Omar Yussef shivered. “Does the window have to be open quite so wide? It’s February, and this city is almost arctic. When did you arrive?”

“We landed in the middle of the night.” Khamis Zeydan shoved the window until it was open only a few inches and brushed some ash from the lapel of his navy-blue trench coat with annoyance. “Son of a whore,” he muttered.

“Why aren’t you with the president now?”

“He has meetings in his suite all morning and a lunch with some Arab diplomats. I told him that if I had to listen to all the shit they’ll talk, I might whack one of them. He sent me away to be a tourist.” Khamis Zeydan rattled phlegm in his throat, opened the window wider, and expectorated out of it. He watched the wind whip his spit along the street toward the turquoise glass of the UN building. “By Allah, we’re high up here, aren’t we?”

Omar Yussef was comforted by the arrival of his old friend. He went to the window and looked down. His head spun a little as he watched the yellow taxis threading past the double-parked black limos twenty floors down. He wondered if one of the tiny figures below was waiting for him, tracking him. He shivered. “I’m happy to see you, Abu Adel,” he said.

The habitual boldness of Khamis Zeydan’s voice receded as he reached for Omar Yussef’s hand. “Something’s wrong, my dear Abu Ramiz.”

The schoolteacher rested his forehead against the cold glass. “I found a dead man yesterday,” he murmured.

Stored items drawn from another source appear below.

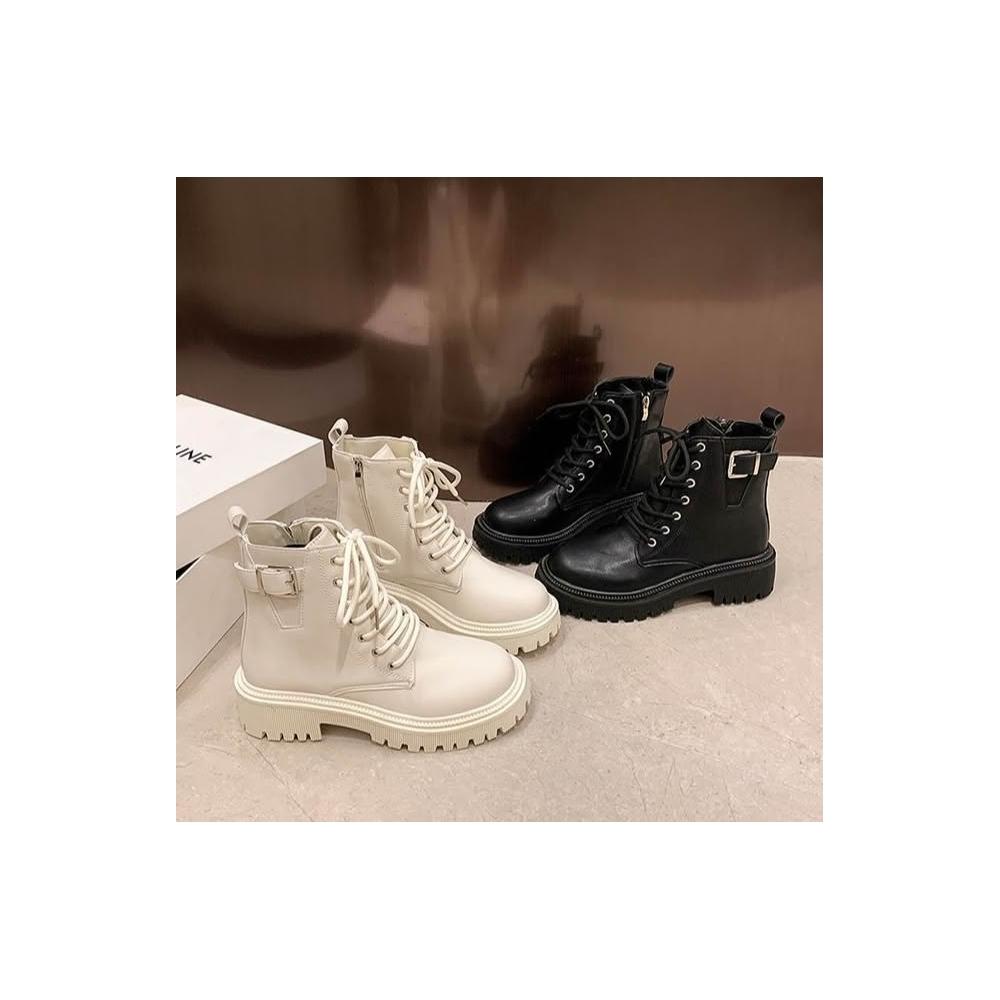 大尺碼女厚底增高鋸齒短靴 率性綁帶X金屬扣環馬丁靴 英倫風綁帶靴 軍風造型馬丁靴 短靴
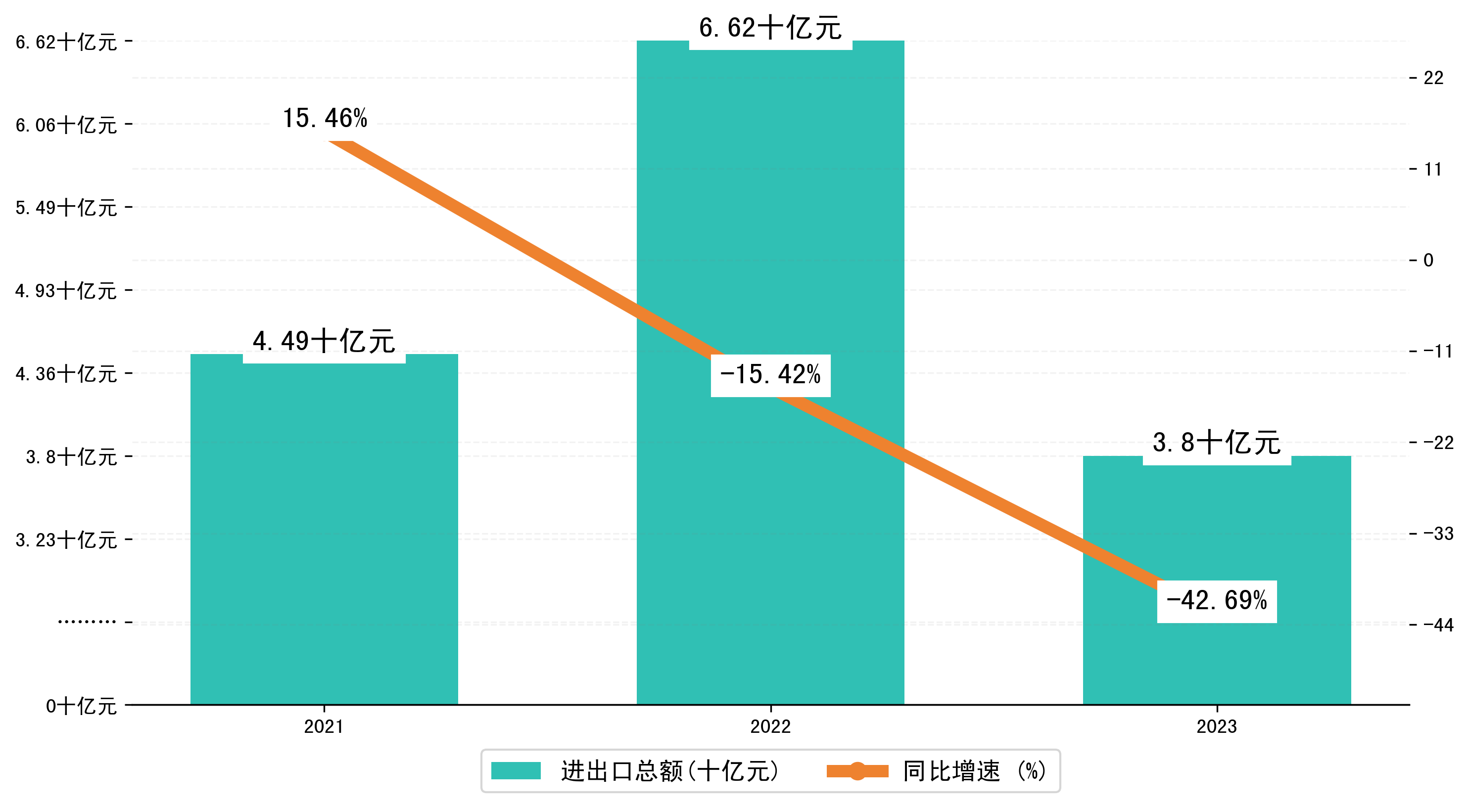 以人民币计,2023年1月湛江市进出口总额为37,9583.6748万元,相比上月减少了2,4167.0093万元;相比上年同期减少了28,2797.489万元,同比减少了-43.70%。
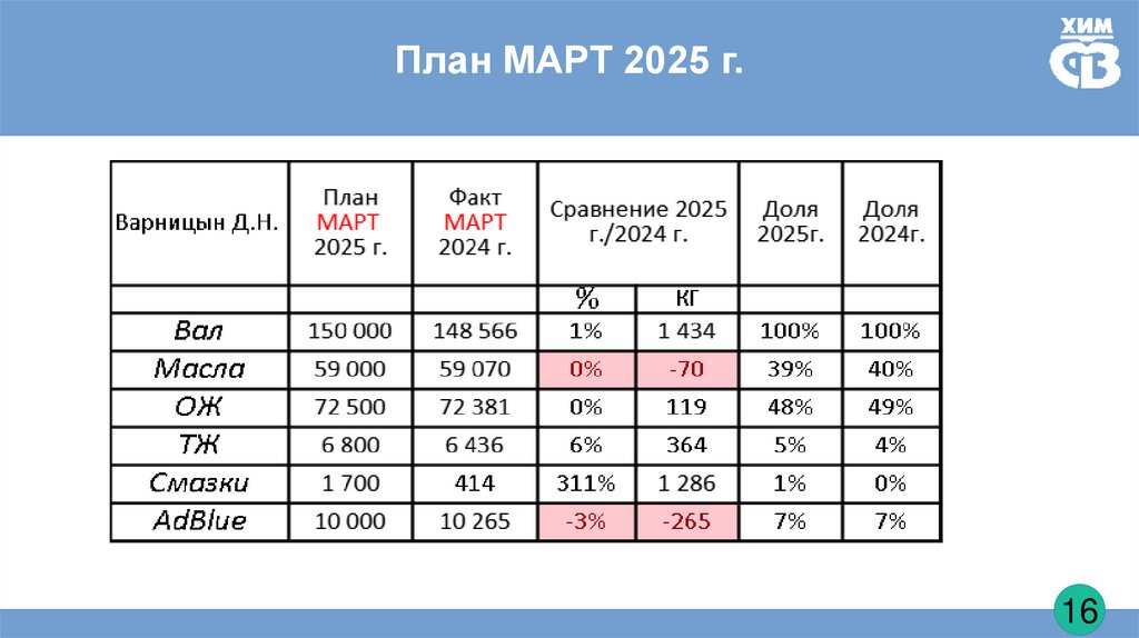 Отчет по работе за ФЕВРАЛЬ 2025г./ 2024 год. Территория продаж УФО, менеджер Варницын Д.Н
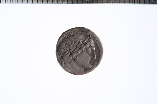 Dritto: Testa di un giovane coronata da una corona di quercia a d. (Apollo?); sotto al mento, un asterisco che in questo esemplare non si legge; c.p.. Rovescio: I Dioscuri stanti di fronte, in mezzo ai loro cavalli, ognuno reggente una lancia; c.p.
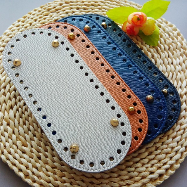 楽天市場 編みつけバッグ底板 リベット付き 全6色 12×25センチ 楕円形 ハンドメイド 底板 バック 合皮 リベット 座鋲 DIY 編み物編みつけ 毛糸 Tシャツヤーン ヤーン 籠バッグ : ハンドメイド工房。
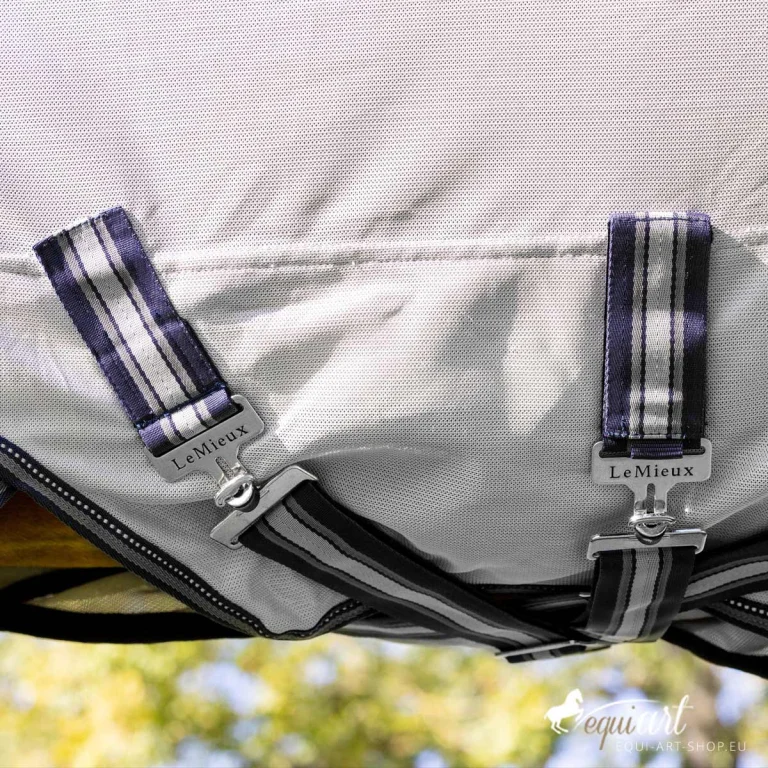 Speziell konzipiert mit einer extra großen Bauchklappe mit drei Verschlüssen, bietet die Decke umfassenden Schutz für den empfindlichen Bauchbereich und garantiert einen sicheren Sitz ohne Verrutschen. Der tiefe und lange Schweifschnitt schützt ebenfalls Schweif und Hinterbeine Ihres Pferdes.
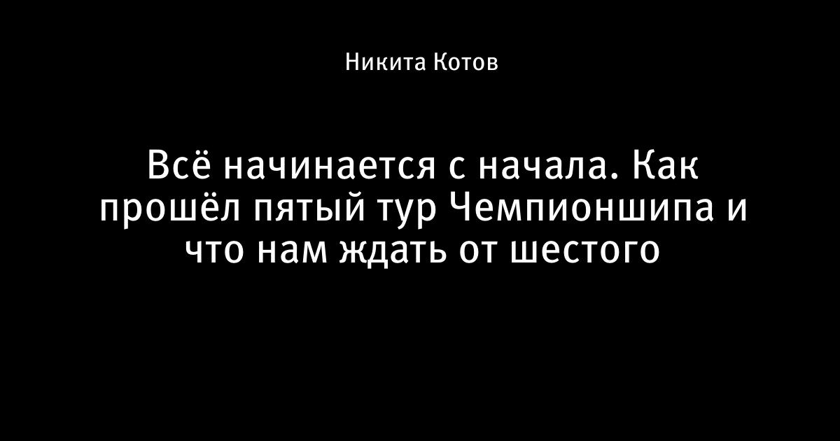 Всё начинается с начала. Как прошёл пятый тур Чемпионшипа и что нам ждать от шестого
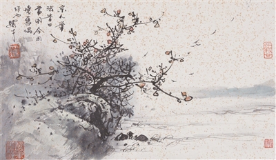 馮先生還和夫人在每年結(jié)婚紀(jì)念日時(shí)一起作畫,“我們?nèi)ツ赀^了綠寶石婚,結(jié)婚55周年。每到結(jié)婚紀(jì)念日,都是我們倆人畫一幅,畫一對小鳥。早在六七十年代最艱苦的時(shí)候就開始了,因?yàn)槲曳蛉艘彩钱嫯嫷模覀兡菚r(shí)一起畫了一對小鳥在風(fēng)雪里,那幅畫我現(xiàn)在還有。后來我們一直畫鳥,風(fēng)景在不斷地變化,這和我們對生活的感受有很大的關(guān)系。”
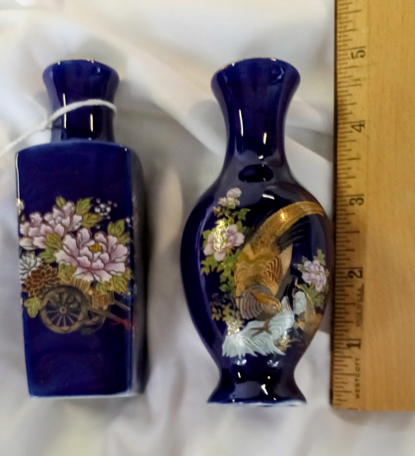 This set of two authentic Japanese Cobalt Blue Bud Vases are in excellent condition, measuring approximately five inches in height.
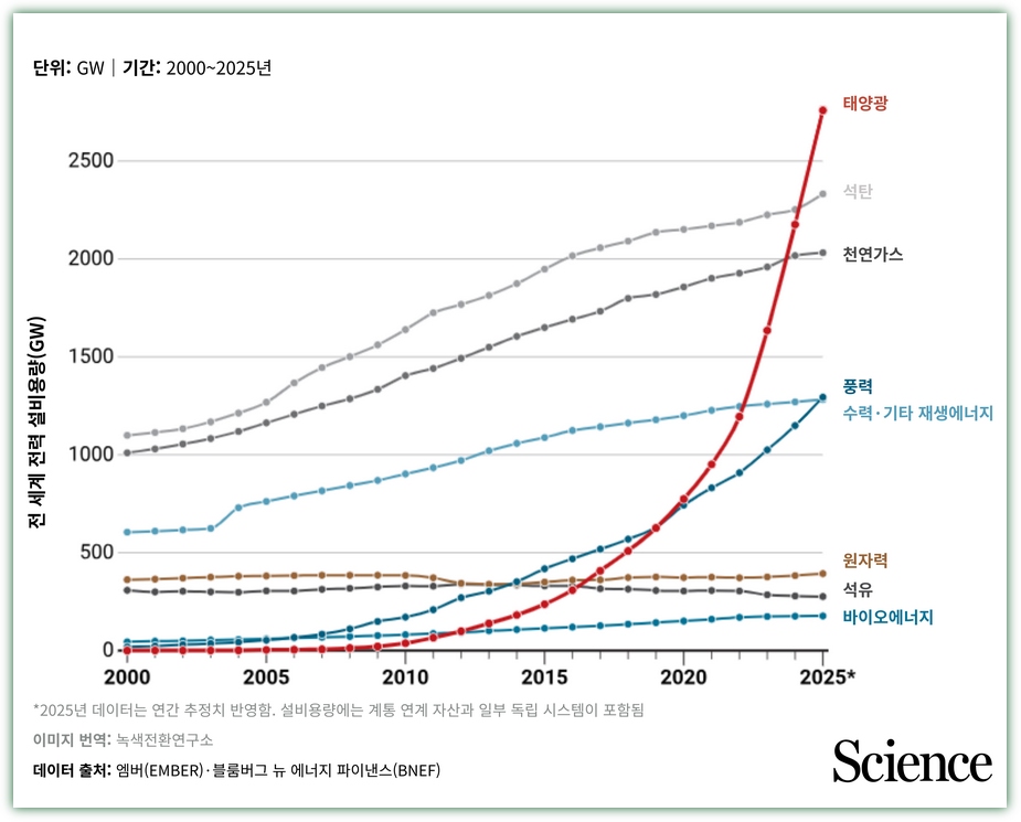 다른 하나는 2025년 태양광 발전 설비용량이 석탄화력발전량을 최초로 추월했다는 것이다. 재생에너지가 화석연료보다 더 많은 전기를 생산했다는 것. 이는 인류가 에너지 전환의 결정적 문턱을 통과하고 있다는 뜻이다. 과학잡지 사이언스가 이를 ‘2025년 최대의 성과’로 뽑았다는 사실은, 이러한 전환이 구조적 변화임을 암시한다.
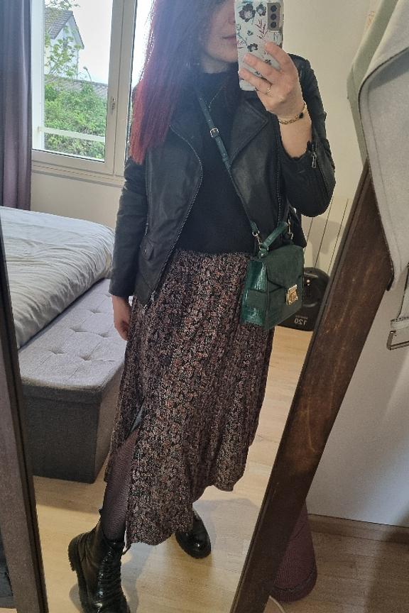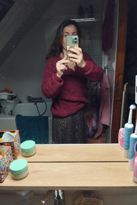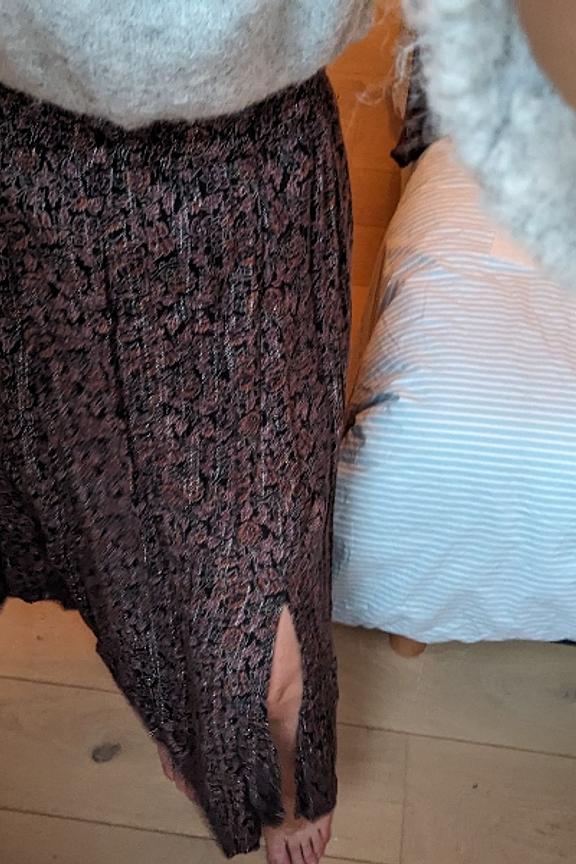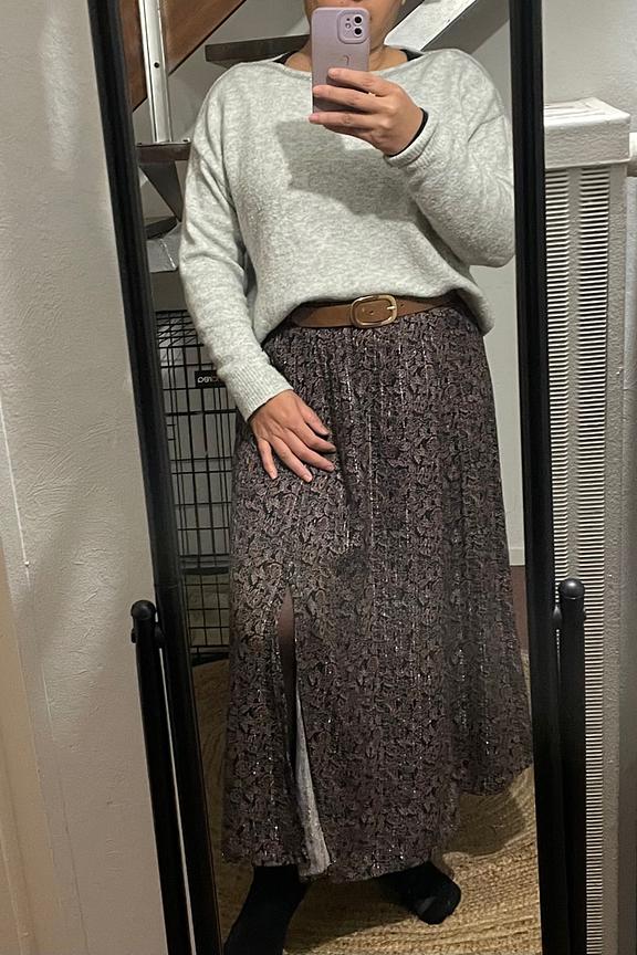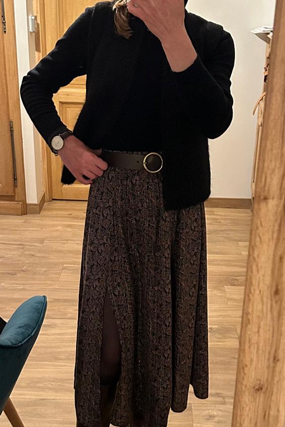 “Jupe sympa. Le motif contient des fils irisés. Le tissu est plutôt fin et la fente s'ouvrait beaucoup. Pas gênant parce que la fente n'est pas trop profonde, mais on voyait tout le temps l'envers du tissu.”
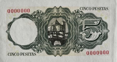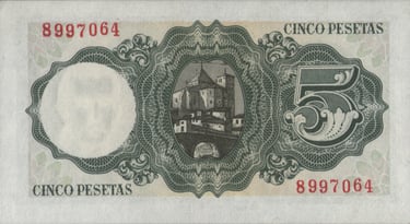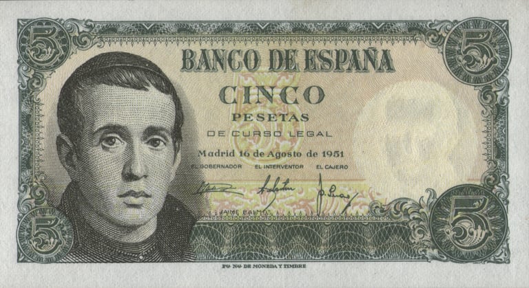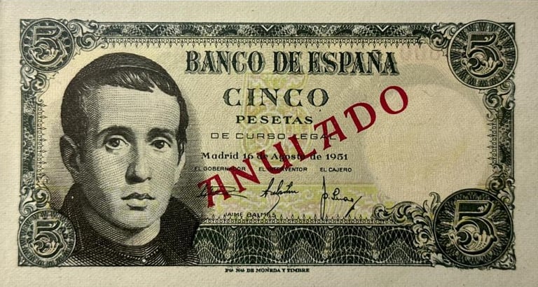 5 pesetas, 16 de agosto de 1951. Anverso, retrato de Jaime Balmes. Reverso, vista de la ciudad de Vich con la catedral al fondo, en óvalo y valor en cifras en rosetón a la derecha. Grabado por José Luis L. Sánchez Toda, (anverso) y Alfonso L. Sánchez Toda, (reverso).

“Allah is most great,” Khamis Zeydan said. He slapped his knuckles into the gloved prosthesis he had worn since a grenade took off his left hand in the Lebanese civil war. “This is a violent city. Even so, what’re the odds that you should find yourself a bystander?”

“Not just a random body. It was Nizar Jado, one of Ala’s roommates. The police took Ala.”

“Took him? Why? Surely he’s not a suspect?”

“He refused to give an alibi. He may be in danger. He hinted that he knows about something that went on between Nizar and their other roommate, Rashid. I can’t believe Rashid is the killer; but if he were, he might try to get at Ala-to keep him from talking.”

“Nizar, eh?” Khamis Zeydan flicked his cigarette out of the window, and the wind carried it away in a brief flurry of orange sparks. He shut the window and shivered. “Where are they holding Ala?”

“At the police station, I think. I can check with the detective.” Omar Yussef took Hamza’s business card from his pocket. He sat by the phone a moment, until he remembered how to obtain an outside line, then dialed.

Immediately, Hamza picked up: “Abayat.”

“Greetings, Sergeant, this is Abu Ramiz speaking, the father of Ala Sirhan.”

“Morning of joy, ustaz.”

“Morning of light, my dear sir.”

“Did you pass a good night?”

“Fine, fine, may Allah be thanked.”

“May merciful Allah bless you.”

“Sergeant, I would like to talk to my son.”

“If Allah wills it, ustaz.”

“Yes, if Allah wills it. You told me it would be possible today.”

“If Allah wills it.”

Omar Yussef wasn’t sure if he had heard irritation or merely fatigue in the detective’s voice. “Where is he?”

“He’s at the Brooklyn Detention Complex.”

“He’s not at the police station?”

“It’s easier for us to keep them at the Detention Complex and bring them to the station for questioning when we need them.”

Them. The criminals, Omar Yussef thought. The suspects, the guilty, the people who cut off heads. But my son? “Where is this Detention Complex?”

“Atlantic Avenue.”

“That’s in Little Palestine?”

“It’s not far away. You can visit your son for up to one hour, provided the lieutenant okays it.”

Omar Yussef spoke quietly. “Hamza, my son.”

“Yes, uncle.” The detective responded to the emotion in Omar Yussef’s voice.

“Has my boy been charged?”

“No. He was questioned through the night by myself and Lieutenant Raghavan.” Hamza sighed. “You understand that we need to work very intensively on a murder case. If we don’t have a suspect within forty-eight hours, it’s likely we might never have one.”